Choosing a preconditioner M that is not SPD (or implemented inconsistently), which can break PCG assumptions and cause instability.
Stopping based only on small step sizes or objective decrease rather than monitoring the residual norm (relative ||r||/||b||).
Show that minimizing f(x)=½xᵀAx−bᵀx with SPD A has a unique minimizer x and that it satisfies A x = b.

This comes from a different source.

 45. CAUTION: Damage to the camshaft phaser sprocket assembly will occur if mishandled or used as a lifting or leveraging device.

Hint: Compute ∇f(x). Use SPD to argue strict convexity and uniqueness.
Compute the gradient:
∇f(x)=A x − b (since A is symmetric).
A critical point satisfies A x*=b.
Because A is SPD, f is strictly convex (Hessian ∇²f=A ≻ 0), so the critical point is unique and is the global minimizer.

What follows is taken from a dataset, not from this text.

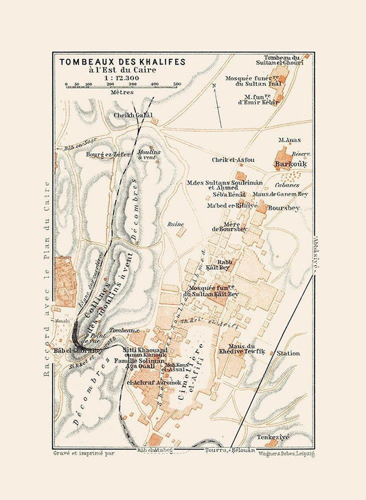 Africa Tombs of the Kalifs Egypt - Baedeker 1913 White Modern Wood Framed Art Print with Double Matting by Baedeker
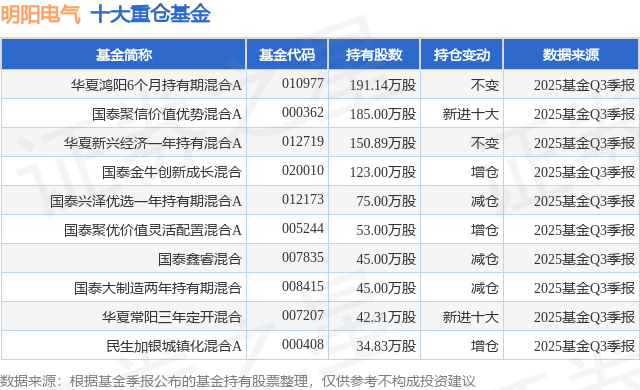 根据2025基金Q3季报公募基金重仓股数据,重仓该股的公募基金共23家,其中持有数量最多的公募基金为华夏基金的华夏鸿阳6个月持有期混合A。华夏鸿阳6个月持有期混合A目前规模为20.34亿元,最新净值0.7834(11月20日),较上一交易日下跌0.58%,近一年上涨20.37%。该公募基金现任基金经理为孙轶佳。孙轶佳在任的基金产品包括:华夏新兴消费混合A,管理时间为2018年11月7日至今,期间收益率为111.84%;华夏新兴经济一年持有混合A,管理时间为2021年7月27日至今,期间收益率为2.86%;华夏优加生活混合A,管理时间为2021年9月23日至今,期间收益率为-24.37%;华夏常阳三年定开混合,管理时间为2021年11月2日至今,期间收益率为-6.87%。

Run one full CG iteration for A = [[2,0],[0,8]], b=[2,8]^T, x0=[0,0]^T. Compute r0, p0, α0, x1, r1, and verify r0ᵀr1=0.
Hint: Because A is diagonal, A p0 is easy. Use α0=(r0ᵀr0)/(p0ᵀA p0).
r0=b−Ax0=b=[2,8]^T. p0=r0.
A p0 = [22, 88]^T = [4,64]^T.
r0ᵀr0 = 2^2+8^2=68.
p0ᵀA p0 = [2,8]·[4,64]=8+512=520.
α0=68/520=17/130.
x1=x0+α0p0=(17/130)[2,8]=[34/130, 136/130]=[17/65, 68/65].
r1=r0−α0A p0=[2,8]−(17/130)[4,64]=[2−68/130, 8−1088/130]
= [ (260−68)/130, (1040−1088)/130 ] = [192/130, −48/130] = [96/65, −24/65].
Check orthogonality:
r0ᵀr1 = [2,8]·[96/65, −24/65] = 192/65 − 192/65 = 0.
Consider preconditioning A=diag(1,100,10000) with M=diag(1,100,10000). Compute κ(A) and κ(C^{-T}AC^{-1}) where M=CᵀC. Explain in one sentence what this predicts about CG iteration count.
Hint: For diagonal SPD, eigenvalues are diagonal entries. If M=A then the symmetrically preconditioned matrix becomes I.
Eigenvalues of A are {1,100,10000}, so κ(A)=10000/1=10000.
With M=A and C=diag(1,10,100), we get C^{-T}AC^{-1}=I, so κ=1.
Prediction: preconditioning collapses the eigenvalue spread, so CG should converge in dramatically fewer iterations (in the ideal case, essentially immediately).